Em determinada passagem de O queijo e os vermes, quando inventaria a literatura que chegou às mãos de Menocchio, Ginzburg (1991, p. 86) pergunta quais dos livros lidos foram realmente uma escolha do moleiro. De todas as obras reconhecidas e comprovadamente lidas, uma apenas fora de fato comprada pelo autor. Fazendo uma analogia com as canções, pode-se perguntar se a consignação de geração a geração é feita por escolha. Provavelmente, a resposta seja não. Como nos livros lidos “por empréstimo” por Menocchio, não há um processo de autêntica escolha. Haverá, por sua vez, um poder de escolha por parte dos que recebem aquelas canções que serão suportadas pela memória coletiva? E levando além a reflexão, de que forma serão lidas as canções aceitas nesse processo de consignação? Residirá a possibilidade de escolha no processo interpretativo? Ou seja, na relativa autonomia que se confere à leitura?

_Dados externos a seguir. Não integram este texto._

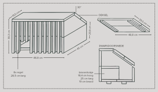- Voor het beweegbare dakdeel: zaag twee regels van 28,5 × 4,5 × 1,9 centimeter (H). Zaag een plank van 45 × 19,5 × 1,9 centimeter (K) in verstek schuin in de lengte op 30 graden, aan één zijde (I). Zaag één plank van 45 × 19,5 × 1,9 centimeter (K) op 11,5 centimeter in de breedte naar 11,5 centimeter en vervolgens aan de kopse kant in verstek op 30 graden (J).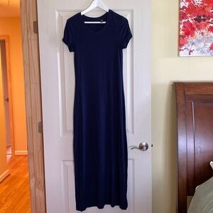 Adrienne Vittadini Navy Jersey Scoop Neck S/L Maxi Dress Side Vents Size SMALL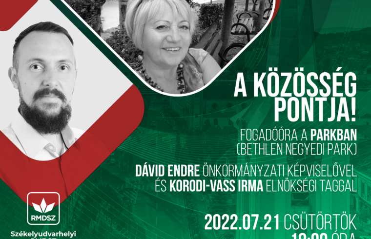 A fogadóórát Dávid Endre önkormányzati képviselő és Korodi-Vass Irma helyi szervezeti alelnök tartja.

Ao analisar os textos selecionados para estudo percebe-se um movimento criador em que pesam conservação e inovação e que, usando a expressão de Duby, contém “estruturas profundas” da cultura ocidental. São, em decorrência disso, textos ambíguos e ambivalentes, multiformes, como são multiformes seus sentidos através dos tempos.

Neste contexto, pode-se presumir que as representações do feminino lidas nas canções em análise têm a carga do sistema de valores de que o grupo é portador, bem como a tem a solução de leitura apresentada pela autora a partir dos textos escolhidos. Quando Duby (1990, p. 99) escreve que “quase todas as fontes que nos são acessíveis informam menos sobre a realidade do que sobre a ideologia dominante” voltamos à questão de que toda a representação é ideológica. E mais, que nela estão contidos, com relativa autonomia, não apenas e necessariamente o sistema de valores do autor e de uma época, mas da obra em si e também do leitor:

Nossas fontes de informação refletem, em certa medida, a realidade, mas todas ou quase todas se colocam necessariamente à distância dessa realidade. O problema, para nós historiadores, é medir essa distância, discernir as deformações que podem ter decorrido da pressão da ideologia. Evidentemente, essa distância é mais ou menos larga de acordo com as categorias de fontes e, de acordo com os períodos, as imagens que recolhemos são mais ou menos estilizadas, mais ou menos realistas. Todavia, e essa é a minha convicção pessoal, jamais essa tela poderá ser totalmente rasgada. Devemos abandonar o sonho positivista de atingir a realidade das coisas do passado. Nós permaneceremos sempre separados delas.

A tendência pela conservação dos quadros culturais é, como aponta Duby (1990, p. 133), construída “sobre uma armação de tradições, aquelas que, de geração em geração, são transmitidas, sob múltiplas formas, pelos diversos sistemas de educação, aquelas cujo

sustentáculo sólido é constituído pela linguagem, pelos ritos e pelas convivências sociais”. O que remanesce e o que muda neste movimento é a pergunta instigadora.